• **Activity**: When you reach the line containing "今晚约10时15分,槟城大路" in the data below, reproduce it and every line that follows, exactly and without additions.

[Dataset entries]
════════════════════

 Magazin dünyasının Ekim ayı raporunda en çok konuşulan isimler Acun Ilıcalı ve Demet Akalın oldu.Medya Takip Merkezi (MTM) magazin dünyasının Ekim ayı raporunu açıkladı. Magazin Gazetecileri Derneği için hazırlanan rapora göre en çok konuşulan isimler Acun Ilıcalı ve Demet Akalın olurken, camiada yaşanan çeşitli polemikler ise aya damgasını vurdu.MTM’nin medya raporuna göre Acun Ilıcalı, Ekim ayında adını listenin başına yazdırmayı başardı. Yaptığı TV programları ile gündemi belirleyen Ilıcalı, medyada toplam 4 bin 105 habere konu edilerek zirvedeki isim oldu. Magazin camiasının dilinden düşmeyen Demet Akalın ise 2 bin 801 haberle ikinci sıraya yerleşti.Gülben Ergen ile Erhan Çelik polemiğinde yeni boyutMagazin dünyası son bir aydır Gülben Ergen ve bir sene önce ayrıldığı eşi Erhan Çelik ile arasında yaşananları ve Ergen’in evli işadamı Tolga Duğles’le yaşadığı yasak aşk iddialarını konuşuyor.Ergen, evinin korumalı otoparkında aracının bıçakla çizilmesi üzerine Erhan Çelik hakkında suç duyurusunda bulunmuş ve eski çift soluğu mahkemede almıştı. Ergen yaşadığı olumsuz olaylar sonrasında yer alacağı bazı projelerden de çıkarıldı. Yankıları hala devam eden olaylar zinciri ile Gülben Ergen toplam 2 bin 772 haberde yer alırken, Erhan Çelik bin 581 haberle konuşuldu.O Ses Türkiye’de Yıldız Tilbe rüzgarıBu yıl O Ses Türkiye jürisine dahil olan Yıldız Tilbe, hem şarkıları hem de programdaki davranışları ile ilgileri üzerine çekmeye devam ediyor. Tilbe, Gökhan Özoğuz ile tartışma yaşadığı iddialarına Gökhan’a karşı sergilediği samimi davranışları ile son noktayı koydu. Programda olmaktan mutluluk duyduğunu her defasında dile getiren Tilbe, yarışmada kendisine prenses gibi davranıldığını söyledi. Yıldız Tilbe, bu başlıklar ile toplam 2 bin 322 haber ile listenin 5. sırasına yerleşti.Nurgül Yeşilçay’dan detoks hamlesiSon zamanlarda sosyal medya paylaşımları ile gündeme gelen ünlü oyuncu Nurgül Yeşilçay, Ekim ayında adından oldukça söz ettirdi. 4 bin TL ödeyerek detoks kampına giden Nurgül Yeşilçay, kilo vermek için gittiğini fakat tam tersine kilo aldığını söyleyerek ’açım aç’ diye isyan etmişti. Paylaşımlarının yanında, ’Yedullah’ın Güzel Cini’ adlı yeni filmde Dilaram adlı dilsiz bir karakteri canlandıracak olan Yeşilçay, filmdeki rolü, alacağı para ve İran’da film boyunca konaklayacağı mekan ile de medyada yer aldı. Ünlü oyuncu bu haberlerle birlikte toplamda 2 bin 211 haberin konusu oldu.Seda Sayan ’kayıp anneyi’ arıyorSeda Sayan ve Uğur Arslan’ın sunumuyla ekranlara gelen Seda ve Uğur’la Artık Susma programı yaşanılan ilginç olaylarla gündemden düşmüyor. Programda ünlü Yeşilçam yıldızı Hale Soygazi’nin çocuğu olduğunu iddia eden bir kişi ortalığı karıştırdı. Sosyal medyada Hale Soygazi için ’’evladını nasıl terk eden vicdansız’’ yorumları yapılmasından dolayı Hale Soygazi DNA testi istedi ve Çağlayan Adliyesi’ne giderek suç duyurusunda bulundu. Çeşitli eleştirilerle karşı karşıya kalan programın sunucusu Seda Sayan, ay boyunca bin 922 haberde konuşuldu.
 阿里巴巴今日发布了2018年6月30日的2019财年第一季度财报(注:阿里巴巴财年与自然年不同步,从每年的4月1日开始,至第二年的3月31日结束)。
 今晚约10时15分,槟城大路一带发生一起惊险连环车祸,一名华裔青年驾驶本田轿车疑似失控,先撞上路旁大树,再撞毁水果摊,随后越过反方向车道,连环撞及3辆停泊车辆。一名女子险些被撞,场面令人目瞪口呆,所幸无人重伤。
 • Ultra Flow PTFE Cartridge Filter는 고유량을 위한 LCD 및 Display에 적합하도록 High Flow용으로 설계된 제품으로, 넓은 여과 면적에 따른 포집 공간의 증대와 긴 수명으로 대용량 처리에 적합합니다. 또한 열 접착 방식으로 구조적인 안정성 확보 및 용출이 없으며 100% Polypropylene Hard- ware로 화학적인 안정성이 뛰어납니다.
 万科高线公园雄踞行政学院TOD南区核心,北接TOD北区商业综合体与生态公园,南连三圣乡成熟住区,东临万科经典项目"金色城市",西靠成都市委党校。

════════════════════

• **Task output**:
 今晚约10时15分,槟城大路一带发生一起惊险连环车祸,一名华裔青年驾驶本田轿车疑似失控,先撞上路旁大树,再撞毁水果摊,随后越过反方向车道,连环撞及3辆停泊车辆。一名女子险些被撞,场面令人目瞪口呆,所幸无人重伤。
 • Ultra Flow PTFE Cartridge Filter는 고유량을 위한 LCD 및 Display에 적합하도록 High Flow용으로 설계된 제품으로, 넓은 여과 면적에 따른 포집 공간의 증대와 긴 수명으로 대용량 처리에 적합합니다. 또한 열 접착 방식으로 구조적인 안정성 확보 및 용출이 없으며 100% Polypropylene Hard- ware로 화학적인 안정성이 뛰어납니다.
 万科高线公园雄踞行政学院TOD南区核心,北接TOD北区商业综合体与生态公园,南连三圣乡成熟住区,东临万科经典项目"金色城市",西靠成都市委党校。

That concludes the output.